Furthermore, the Dueling-DQN neural network algorithm is enabled to operate in a safe range by setting rule constraint, and parameters of the Dueling-DQN neural network are continuously optimized by setting a reward function;

determining a plurality of safe action ranges according to different rule constraints, meeting the heat required in a unit building, calculating action output of a set value of the temperature of the supply return water through a Dueling-DQN neural network algorithm, selecting the action with the maximum Q value, judging whether the set value is in the rule constraint range, if so, executing the action according to the Dueling-DQN neural network algorithm output action, otherwise, executing the action according to the rule constraint output action, and simultaneously executing a punishment reward for the action.

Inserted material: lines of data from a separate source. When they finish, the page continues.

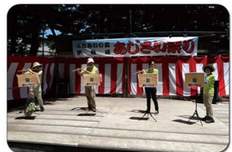
真岡フルーツアンサンブルの皆様
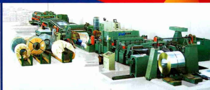
高档数控开卷校平生产线
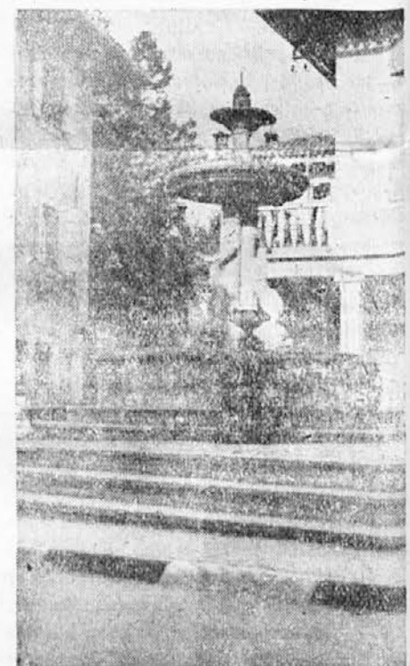
MOTIV IZ SV. PETRA SLOVENOV

Tisti dan je na tisoče ljudi sprejelo Kristusovo vero. S tem čudežem je sv. Duh pokazal, da Kristusov evangelij velja za vse narode in ne samo za Jude

Further, the training update of the Dueling-DQN model includes: taking heat supply operation data, weather data and indoor temperature data stored in a database as a current state s, outputting an intelligent balancing device and an electric control valve action a through a dulling-DQN neural network algorithm, and obtaining an instant reward r after execution; when the environment changes and reaches a new state s ', storing (s, a, r, s') as training sample data in a database, and introducing an experience playback mechanism for offline training of the model;

the dulling-DQN neural network algorithm is trained and updated at fixed times per day: and loading the current dulling-DQN neural network algorithm model parameters, then randomly extracting data samples from a storage library each time for training to obtain new model parameters and replace the old model.

Further, the reward function settings of the dulling-DQN neural network algorithm include energy savings and security constraint rewards.

Further, the Dueling-DQN neural network algorithm comprises two common hidden layers, the value estimation branch comprises one hidden layer, and the dominance estimation branch comprises one hidden layer.

The invention has the beneficial effects that:

on one hand, the required heat in the unit building is obtained through calculation of a hybrid prediction model and a model weight value, two sub-prediction models are established, the hybrid prediction model is established through weighting two model weights, and the model has high prediction precision; on the other hand, in order to save training time and improve training efficiency, the Dueling DQN algorithm is provided for training a neural network, a better action is output according to input heat supply operation data, weather data, indoor temperature and the like to drive the intelligent balancing device and the electric control valve to change the flow rate of the circulation in the building, and the algorithm further improves the training stability while ensuring the performance.

Additional features and advantages will be set forth in the description which follows, and in part will be obvious from the description, or may be learned by practice of the invention. The objectives and other advantages of the invention will be realized and attained by the structure particularly pointed out in the written description and drawings.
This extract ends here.